The golden Elkes also take us back to the earliest period of Baselitz’s work, when he was making figure paintings against both socialist realism and abstraction. His work took on a mannered look, deliberately laboured and ugly, unnaturalistic, deformed and morally ambiguous. Die Große Nacht im Eimer, a painting of a grim stunted figure who appears to be masturbating, caused a scandal when it was shown at the Werner & Katze Galerie in West Berlin in 1963. When Baselitz and his dealer, Michael Werner, appealed against their prosecution for obscenity, the public prosecutor petitioned (unsuccessfully) for the painting to be destroyed – an astonishing move, considering the Nazi destruction of modern art just two decades earlier.
This was the history that counted: the Nazi attack on ‘degenerate’ art before the war, and the continued presence of this anti-modernist impulse in the postwar era.

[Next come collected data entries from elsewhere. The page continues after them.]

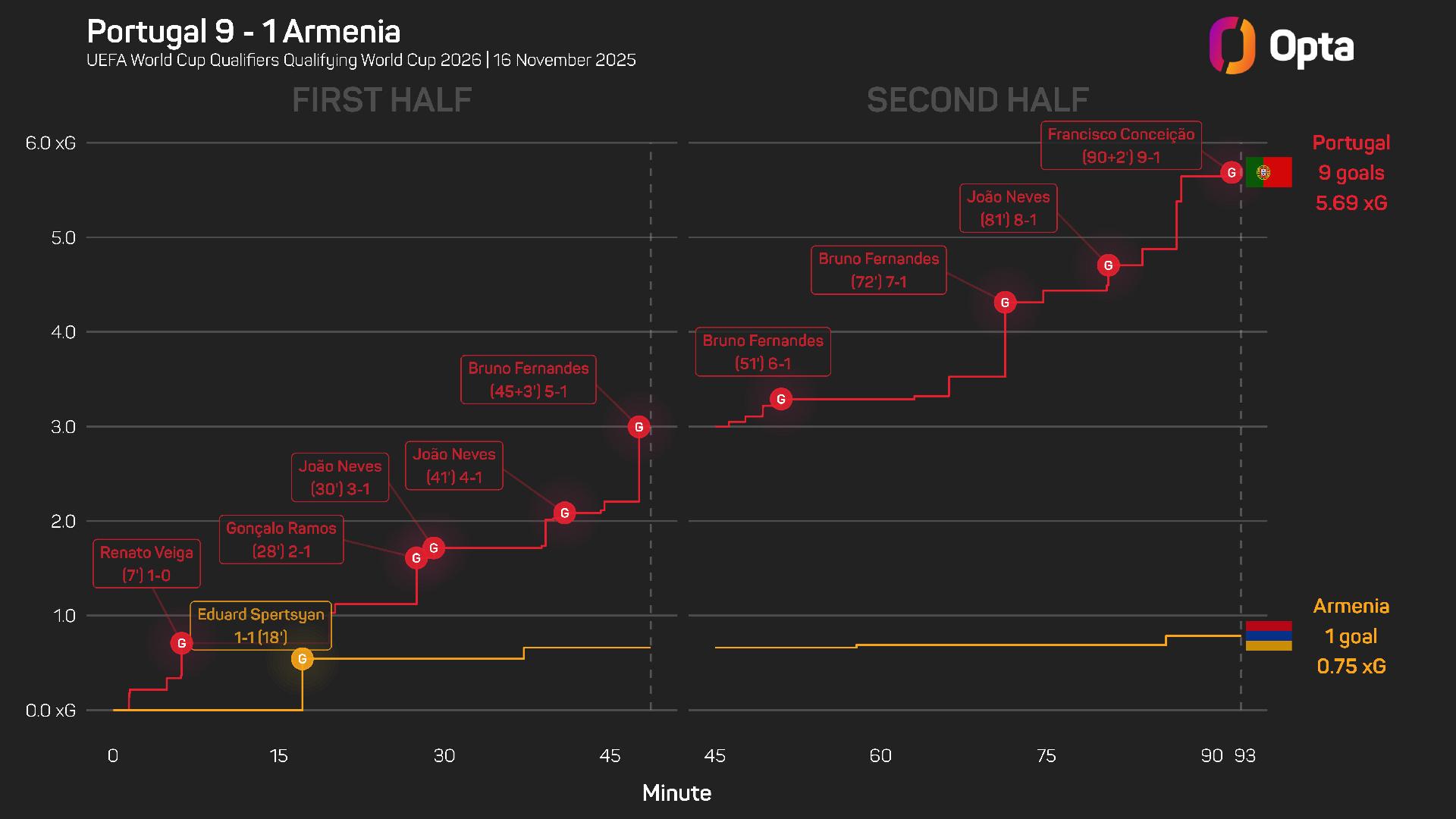 Questions had been raised about where the goals would come from in Ronaldo's absence, but Bruno Fernandes and Joao Neves both netted hat-tricks, with Renato Veiga, Goncalo Ramos and Francisco Conceicao also on the scoresheet.
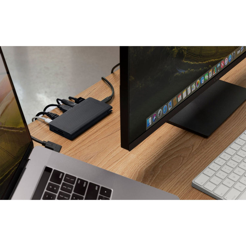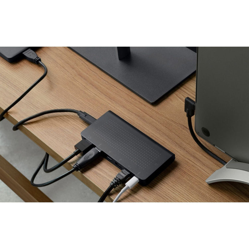 USB-C Hub kobler utstyret til din MacBook med stasjonærlengde-kabel, slik at tilkoblinger og strøm kan plasseres utenfor syne eller bak skrivebordet ditt, og skaper et ryddig arbeidsområde.
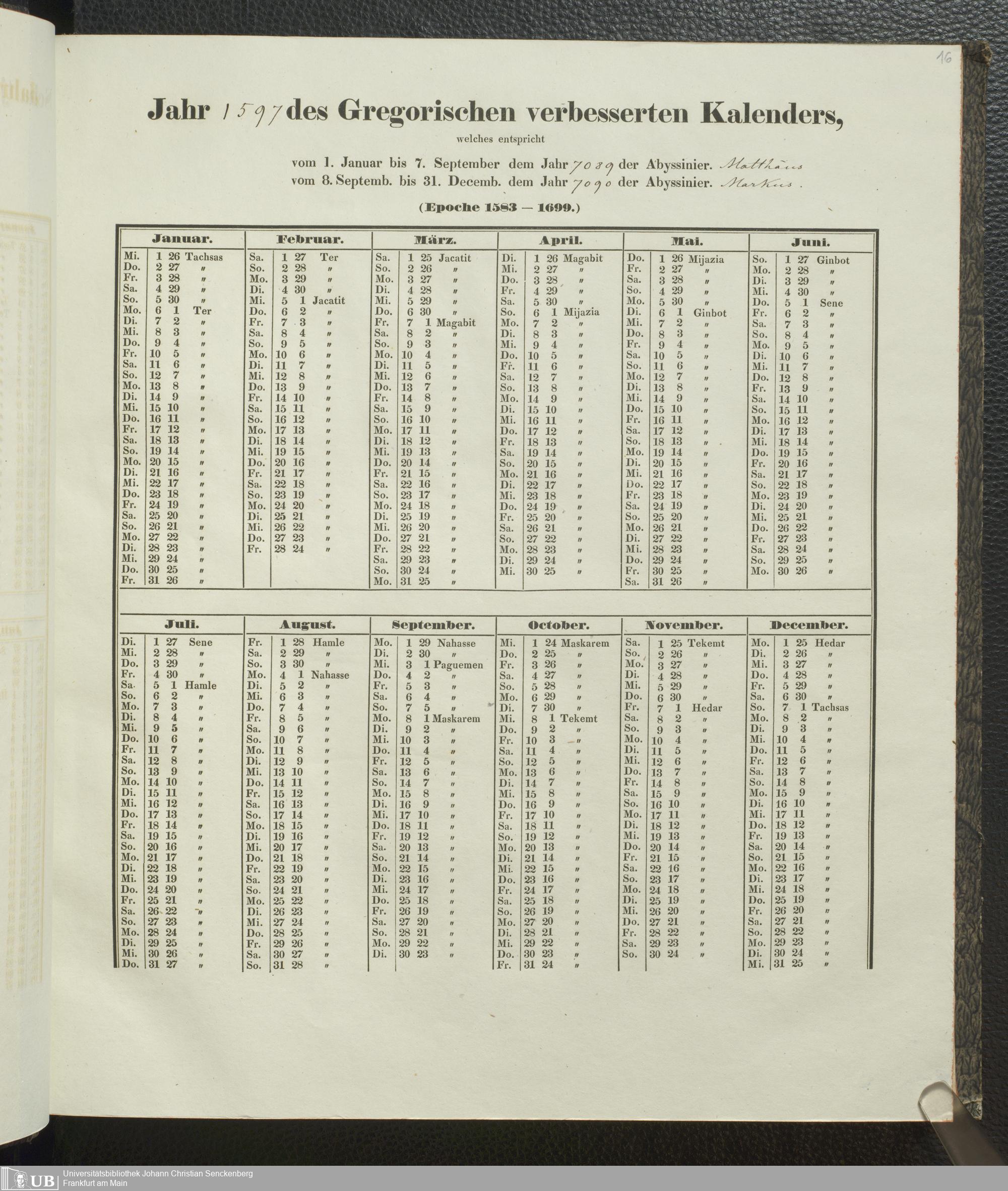 Ms. Ff. E. Rüppell IV - Kalender vom Jahr 1583 bis 1860, das heist seit der Einführung der durch Pabst Gregorius XIII verordneten Verbesserung, aus welchen Kalender die Gleichstellung dieser Zeitrechnung mit der von den Abyssiniern gebräuchlichen Chronologie ersehen werden kann; zum Behuf der geschichtlichen Forschungen der Abyssinischen Chroniken entworfen
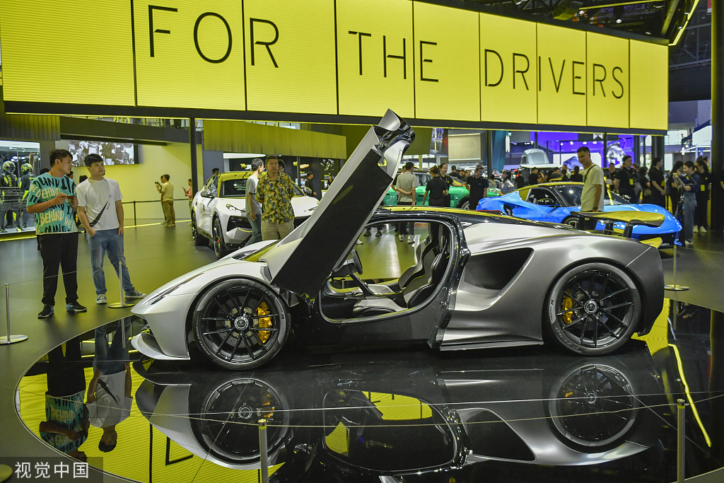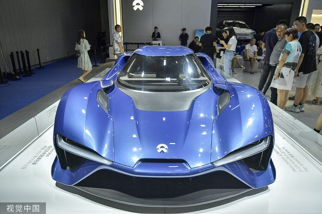 The EP9, an all-electric sports car from Chinese electric car startup Nio, is displayed at the Chengdu Motor Show on Aug 29, 2023. The auto show, which will conclude on Sunday, has attracted more than 120 brands from home and abroad to showcase some 1,600 models. [Photo/VCG]
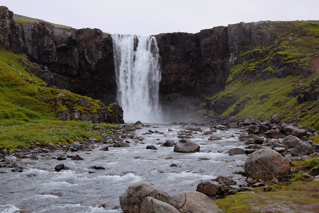 Nuestra primera parada es Rjúkandi, una elegante cascada escalonada situada en el valle de Jökuldalur. Un entorno tranquilo y natural, ideal para pasear brevemente, disfrutar del paisaje y tomar magníficas fotografías.
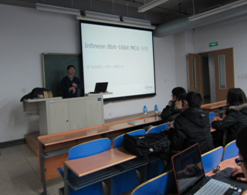 杨老师首先向参赛队员们详细介绍了英飞凌公司的发展历程以及英飞凌各个处理器的功能与应用,让同学们对即将使用的处理器有了更深入的了解。之后对嵌入式处理器的设计方法进行了更详细的分析与讲解,同学们都感觉受益匪浅、深受启发。
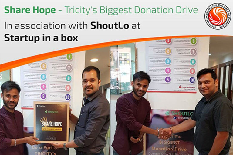 Share Hope – Tricity Biggest donation drive in association with Shoutlo.com at Startup in a box.
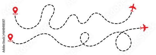 Flying plane with trail symbol. airplane icon with trace path. Travel and tourism concept. Airline flight takeoff silhouette. Black airplane line path with location point icon. eps 10
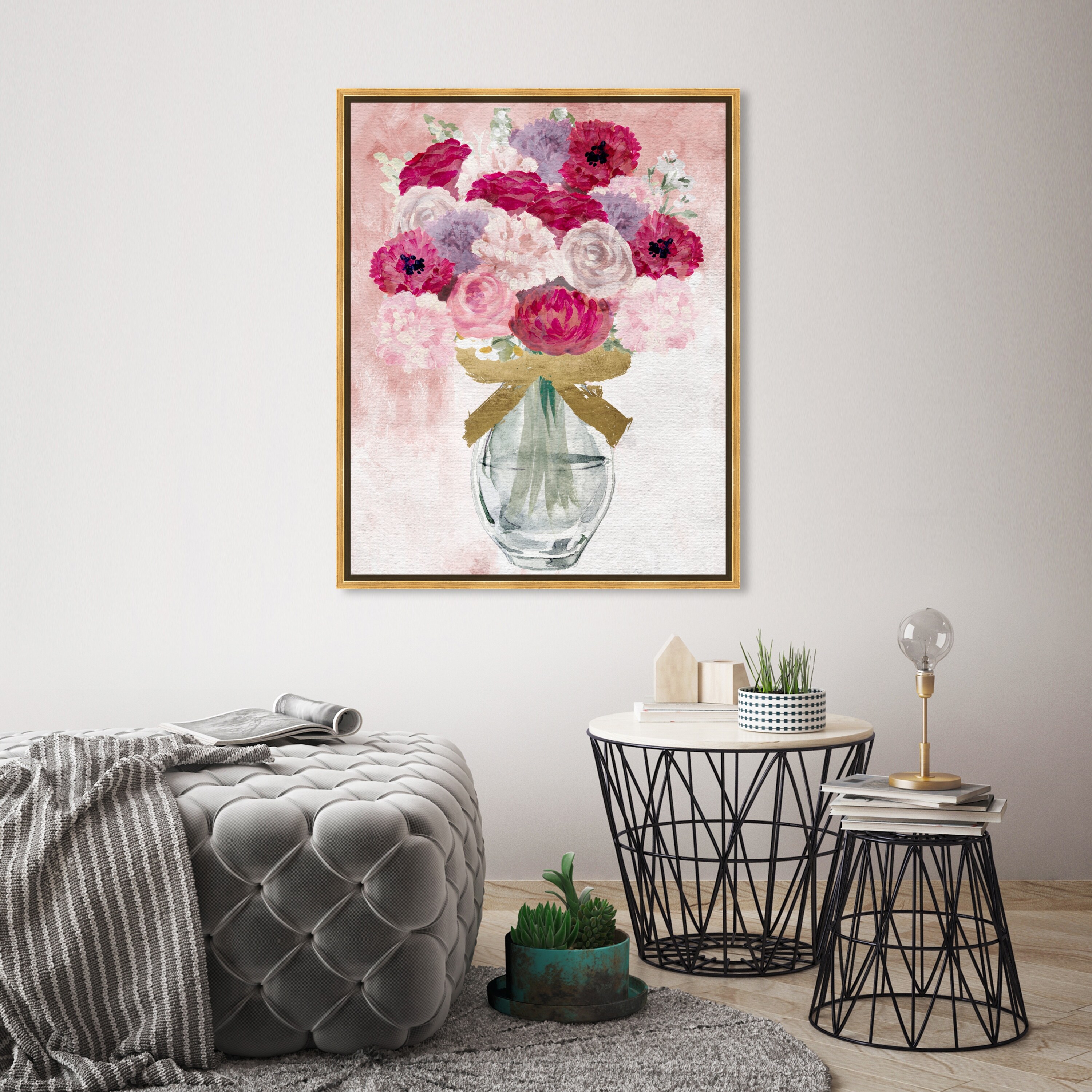 Oliver Gal 'Glam Floral Bouquet in Flamingo Base' Framed Canvas Art Print

Baselitz staged a leap into what he called ‘pure’ painting; it was also a leap into the past. ‘The most important thing for me,’ he said in one interview, ‘was to feel a sense of the avant-garde, the destruction of pictures of the past.’ He picked up Hans Prinzhorn’s study Bildnerei der Geisteskranken (Artistry of the Mentally Ill), documenting a collection of what was later called outsider art, formed while Prinzhorn was working at the psychiatric clinic of Heidelberg University. It was a book especially hated by the Nazis, and a vade-mecum for those who wanted to know what un-German, degenerate art looked like. Baselitz also found a historical anchor in Mannerist painting, with its physical distortions and heightened palettes – ‘a tangle of tendrils and artifices, coldness and devotion’, as he put it in a 1961 manifesto written with the painter Eugen Schönebeck.
Baselitz did not make overtly political art. He felt that what mattered in painting existed on a deeper level than subject or style. His ‘degenerate’ work was not only a means of compensating for the paintings that were confiscated, pilloried and destroyed by the Third Reich, but a way of returning dignity to ordinary bodies, bodies that age and sag and look nothing like the heroic forms of antiquity or Nazi racial theory. The golden Elkes confirm that Baselitz devoted himself to showing the body – obdurately, directly, entertainingly – being reshaped by the catastrophe of ageing. In so doing, he staged one of the most sustained protests in the history of art.